3
votes

I'm using Apache Nifi 1.9.2 to load data from a relational database into Google Cloud Storage. The purpose is to write the outcome into Parquet files as it stores data in columnar way. To achieve this I make use of the ConvertAvroToParquet (default settings) processor in Nifi (followed by the PutGCSObject processor). The problem with these resulting files is that I cannot read Decimal typed columns when consuming the files in Spark 2.4.0 (scala 2.11.12): Parquet column cannot be converted ... Column: [ARHG3A], Expected: decimal(2,0), Found: BINARY

Links to parquet/avro example files: https://drive.google.com/file/d/1PmaP1qanIZjKTAOnNehw3XKD6-JuDiwC/view?usp=sharing https://drive.google.com/file/d/138BEZROzHKwmSo_Y-SNPMLNp0rj9ci7q/view?usp=sharing

As I know that Nifi works with the Avro format in between processors within the flowfile, I have also written the avro file (like it is just before the ConvertAvroToParquet processor) and this I can read in Spark. It is also possible to not use logical types in Avro, but then I lose the column types in the end and all columns are Strings (not preferred). I have also experimented with the PutParquet processor without success.

val arhg_parquet = spark.read.format("parquet").load("ARHG.parquet")
arhg_parquet.printSchema()
arhg_parquet.show(10,false)

printSchema() gives proper result, indicating ARHG3A is a decimal(2,0) Executing the show(10,false) results in an ERROR: Parquet column cannot be converted in file file:///C:/ARHG.parquet. Column: [ARHG3A], Expected: decimal(2,0), Found: BINARY

1
This question touched upon multiple tools (nifi, spark, even s3) and within that there are several steps.

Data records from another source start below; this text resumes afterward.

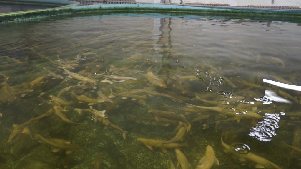 位于青海省海北藏族自治州剛察縣的青海湖裸鯉救護中心沙柳河泉吉河增殖實驗站,是湟魚“人工大產(chǎn)房”之一。記者看到,在實驗站車間里,分布著一個個圓形大水缸,密密麻麻的小魚苗形似小蝌蚪般,隨著清澈的水流在水缸內(nèi)快速地轉(zhuǎn)著圈游動。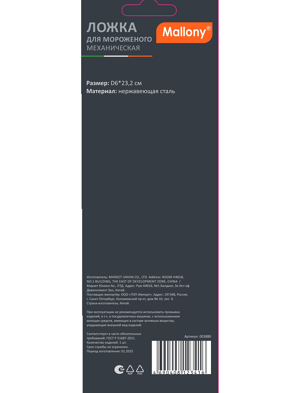 Вы можете приобрести «Ложка для мороженного, нержавеющая сталь, 25х6 см, механическая, навеска, Mallony, 003880» и другие товары в нашем интернет-магазине в Россоши по низким ценам и с бесплатным самовывозом.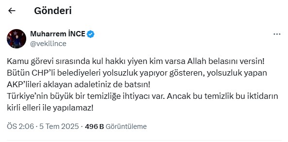 İnce paylaşımında; “Kamu görevi sırasında kul hakkı yiyen kim varsa Allah belasını versin!

Please try to narrow it down as much as possible (and ideally provide a reprodible example) so others may help more easily - Dennis Jaheruddin

1 Answers

0
votes

To achieve this I make use of the ConvertAvroToParquet (default settings) processor in Nifi (followed by the PutGCSObject processor)

Try upgrading to NiFi 1.12.1, our latest release. Some improvements were made to handling decimals that might be applicable here. Also, you can use the Parquet reader and writer services to convert from Avro to Parquet now as of ~1.10.0. If that doesn't work, it may be a bug that should have a Jira ticket filed against it.